Il ressort de la lecture des conditions générales et particulières du contrat litigieux que le seuil de déclenchement du forfait hospitalisation prévu au contrat n'est pas le taux d'incapacité permanente, mais la durée de l'hospitalisation de trois jours. Toutefois, le déclenchement de cette garantie reste subordonné à la caractérisation d'un évènement accidentel couvert par le contrat.

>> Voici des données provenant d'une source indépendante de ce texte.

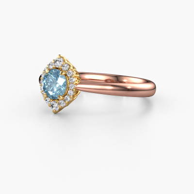 The ring shown above is called the Tora. We call this type of ring a cluster ring, the centre gemstone is surrounded by smaller sized stones. This 14 Carat rose gold version is set with a 5 mm round blue lab grown diamond centre stone, embraced by smaller lab-grown diamonds. The classic rose gold cluster engagement ring stands out because of its shape. Together, the smaller and bigger sized blue lab grown diamond gemstones form a flower and they appear to collide into one big sparkling gem. This classic engagement ring is also known as the flower ring. Our expert Goldsmiths make sure the smaller lab-grown diamonds stones are set identically so there is no light interference in the blue lab grown diamond but unity instead. With perfect precision and a skilful hand each blue lab grown diamond is set in the ring. During manufacturing, it is constantly monitored to make sure light reflects flawlessly. This results in a unique engagement ring, with a radiant blue lab grown diamond at its centre. A lovely, meaningful gift to bestow upon the love of your life. By using a combination of the latest modern techniques, combined with ancient crafting, we can make all our engagement rings in our own studio. Each jewel is made to order. This is advantageous because we can offer you a price you won't find anywhere else.Have you found a specific engagement ring somewhere which you would like to give to your loved one? Please feel free to express your wishes to our jewel designers because we would be honoured to turn your design into a classic engagement ring. You can follow the development of your ring design because we use 3D drawings. This gives you a realistic preview of how your design will look. You can also preorder a dummy. A dummy is a plastic ring, which can be shaped according your ring design. You can try it on and check if its width and size are suitable for you. We will gladly send you a non-binding offer, based on a fair price/ quality ratio. It will amaze you, considering the quality of the ring and gemstones.To make it easier for you, we offer a 30 day return policy. Check our terms and conditions.
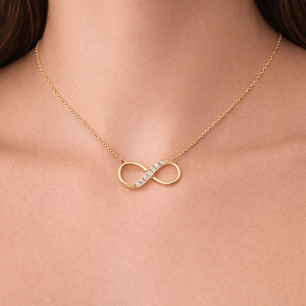 Collier en plaqué or représentant un symbole infini orné d'oxydes de zirconium. Ce bijou arbore des courbes fluides et des pierres scintillantes, créant un effet lumineux et élégant.

L'article 1 des conditions générales définit l'accident couvert par le contrat comme 'toute atteinte à l'intégrité corporelle de l'assuré, non intentionnelle de sa part, provenant de l'action soudaine d'une cause extérieure'. L'article 6 des mêmes conditions précise que sont notamment couverts :
'- les accidents sanitaires résultant du fonctionnement du système de santé français, c'est-à-dire :
- un accident médical, une affection iatrogène ou une infection nosocomiale,
- directement imputable à des actes de prévention, de diagnostic ou de soins,
- réalisés par un professionnel de santé, un établissement, un service ou un organisme, dont les activités sont régis par le code de la santé publique,
- ayant eu pour l'assuré des conséquences anormales au regard de son état de santé comme de l'évolution prévisible de celui-ci.'
En l'espèce, le pré-rapport de l'expert ne conclut pas à l'existence d'un accident médical, une affection iatrogène ou une infection nosocomiale directement imputable à des actes de prévention, de diagnostic ou de soins, réalisés par un professionnel de santé, un établissement, un service ou un organisme, dont les activités sont régis par le code de la santé publique, ayant eu pour l'assuré des conséquences anormales au regard de son état de santé comme de l'évolution prévisible de celui-ci concernant les phénomènes douloureux dont s'est plainte Mme [F] et qui ont conduit à son hospitalisation pour pose de prothèse de genou dont elle sollicite l'indemnisation. Il évoque uniquement des phénomènes dysesthésiques végétatifs et des algodystrophies, qui apparaissent comme un aléa thérapeutique.
Mme [F] ne produit aucun élément permettant de caractériser l'existence d'un évènement donnant lieu à garantie au titre du contrat souscrit.
Dans ces conditions, il existe une contestation sérieuse sur l'exécution du contrat et l'obligation de la Samcv Matmut, de sorte qu'il ne peut être fait droit à sa demande de provision.
En conséquence, par arrêt infirmatif, il convient de débouter Mme [F] de sa demande de provision.
Sur les dépens et frais irrépétibles
Les dispositions de première instance relatives aux dépens et frais irrépétibles seront infirmées.
Mme [F] succombant, elle sera condamnée aux dépens de première instance et d'appel.
L'équité et la nature du litige commandent de ne pas faire application des dispositions de l'article 700 au profit des parties. Elles seront donc déboutées de leur demande respectives à ce titre.
PAR CES MOTIFS,
La cour statuant par arrêt réputé contradictoire mis à disposition au greffe,
Dans les limites de l'appel formé,
Infirme la décision entreprise,
Statuant à nouveau,
Constate que Mme [O] [F] ne présente aucune demande de provision à l'encontre du Dr [G] [D],
Déboute Mme [O] [F] de sa demande de provision à l'égard de la Samcv Matmut,
Déboute les parties de leur demande respective au titre des dispositions de l'article 700 du code de procédure civile,
Condamne Mme [O] [F] aux entiers dépens de première instance et d'appel.